### WORK ITEM
The answer is a stretch of the material below, returned exactly: the line containing "Zusätzlich zum klassischen", the line containing "Akumulator motocyklowy EXIDE", and all lines between.

### SOURCE RECORDS
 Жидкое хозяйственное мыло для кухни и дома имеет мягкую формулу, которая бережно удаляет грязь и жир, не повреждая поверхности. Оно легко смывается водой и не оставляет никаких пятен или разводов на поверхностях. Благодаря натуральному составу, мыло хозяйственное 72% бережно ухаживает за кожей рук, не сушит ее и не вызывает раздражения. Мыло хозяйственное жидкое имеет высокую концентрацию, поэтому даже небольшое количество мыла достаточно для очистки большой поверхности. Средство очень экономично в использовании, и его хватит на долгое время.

==

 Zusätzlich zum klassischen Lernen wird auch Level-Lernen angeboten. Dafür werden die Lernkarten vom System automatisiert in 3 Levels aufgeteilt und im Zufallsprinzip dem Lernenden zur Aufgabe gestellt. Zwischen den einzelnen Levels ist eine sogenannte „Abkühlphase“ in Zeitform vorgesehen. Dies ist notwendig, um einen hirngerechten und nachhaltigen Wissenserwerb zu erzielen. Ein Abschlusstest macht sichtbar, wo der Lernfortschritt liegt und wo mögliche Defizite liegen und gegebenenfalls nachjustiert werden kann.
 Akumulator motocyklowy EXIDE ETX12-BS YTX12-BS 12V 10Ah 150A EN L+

### EXPECTED OUTPUT
 Zusätzlich zum klassischen Lernen wird auch Level-Lernen angeboten. Dafür werden die Lernkarten vom System automatisiert in 3 Levels aufgeteilt und im Zufallsprinzip dem Lernenden zur Aufgabe gestellt. Zwischen den einzelnen Levels ist eine sogenannte „Abkühlphase“ in Zeitform vorgesehen. Dies ist notwendig, um einen hirngerechten und nachhaltigen Wissenserwerb zu erzielen. Ein Abschlusstest macht sichtbar, wo der Lernfortschritt liegt und wo mögliche Defizite liegen und gegebenenfalls nachjustiert werden kann.
 Akumulator motocyklowy EXIDE ETX12-BS YTX12-BS 12V 10Ah 150A EN L+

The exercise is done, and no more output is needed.